## [Information provided]
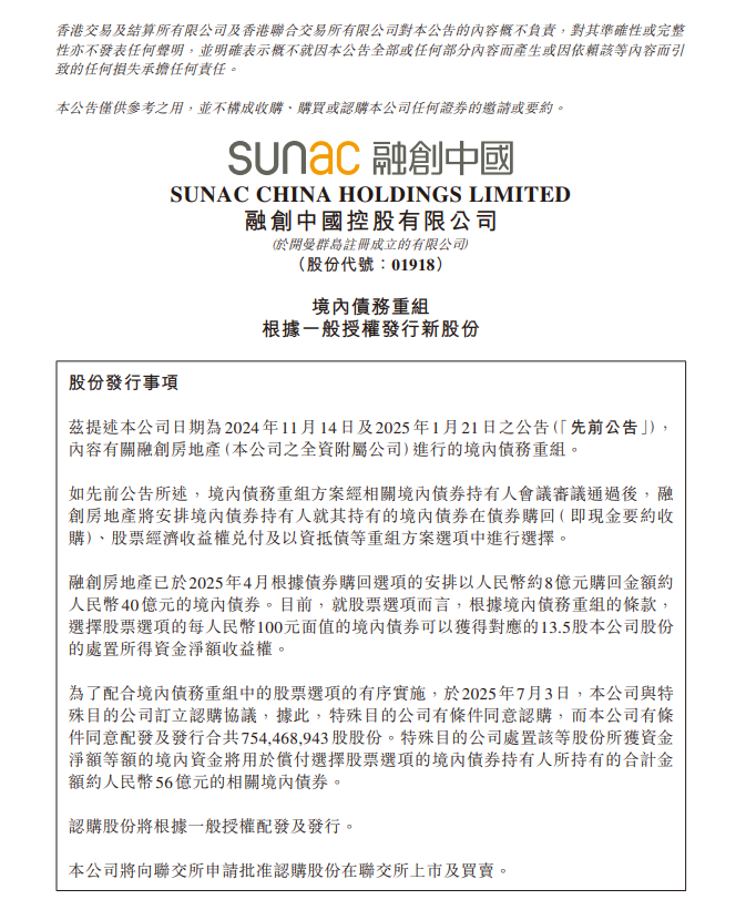 7月4日,融创中国(01918.HK)在港交所公告,融创房地产已于2025年4月根据债券购回选项的安排以人民币约8亿元购回金额约人民币40亿元的境内债券。目前,就股票选项而言,根据境内债务重组的条款,选择股票选项的每人民币100元面值的境内债券可以获得对应的13.5股本公司股份的处置所得资金净额收益权。
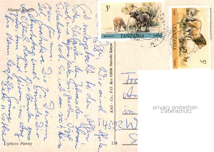 alte Postkarte Giraffe Maasai Giraffe postalisch gelaufen Erhaltung siehe scans [PaolaD17]
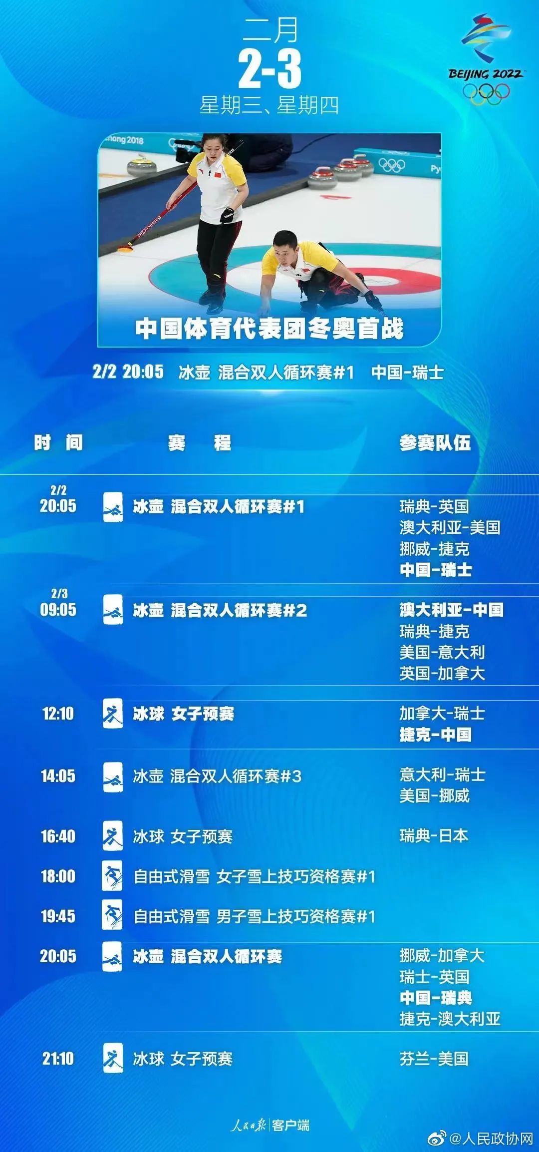 冰壶将是最早开赛的项目,
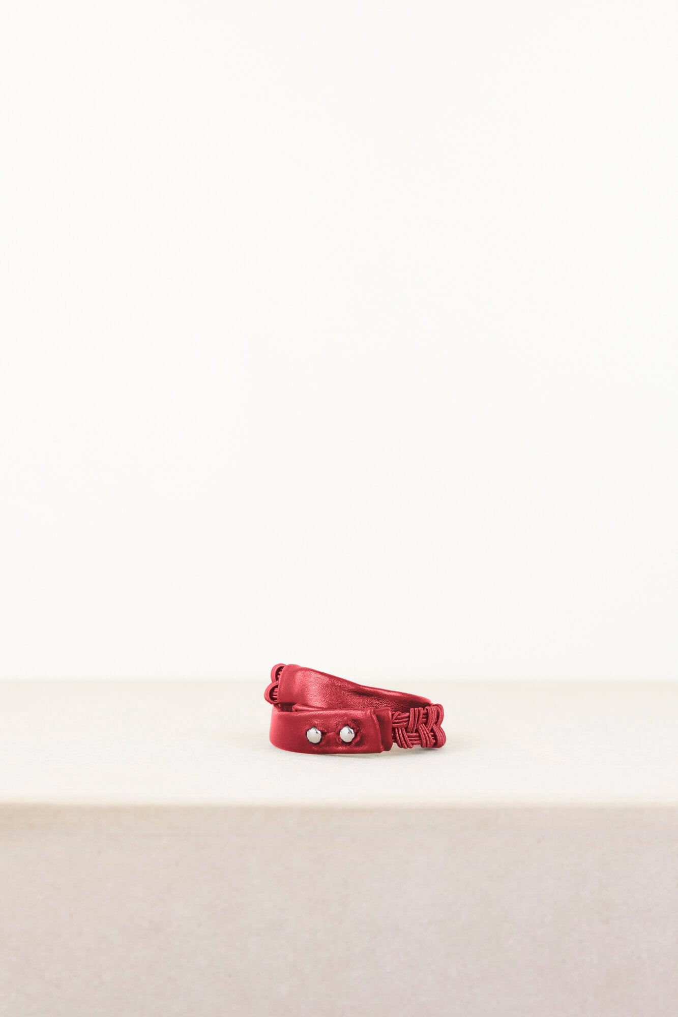 Hand-woven on a rectangular loom and hand-dyed "by piece", with lambskin finishes, to be worn alone or on the cuff of the shirt.

## [What the task requires]
The required response consists solely of the lines from the line containing "alte Postkarte Giraffe" through the end of the listing, both ends included, copied exactly without pictures.

## [Solved problem]
 alte Postkarte Giraffe Maasai Giraffe postalisch gelaufen Erhaltung siehe scans [PaolaD17]
 冰壶将是最早开赛的项目,
 Hand-woven on a rectangular loom and hand-dyed "by piece", with lambskin finishes, to be worn alone or on the cuff of the shirt.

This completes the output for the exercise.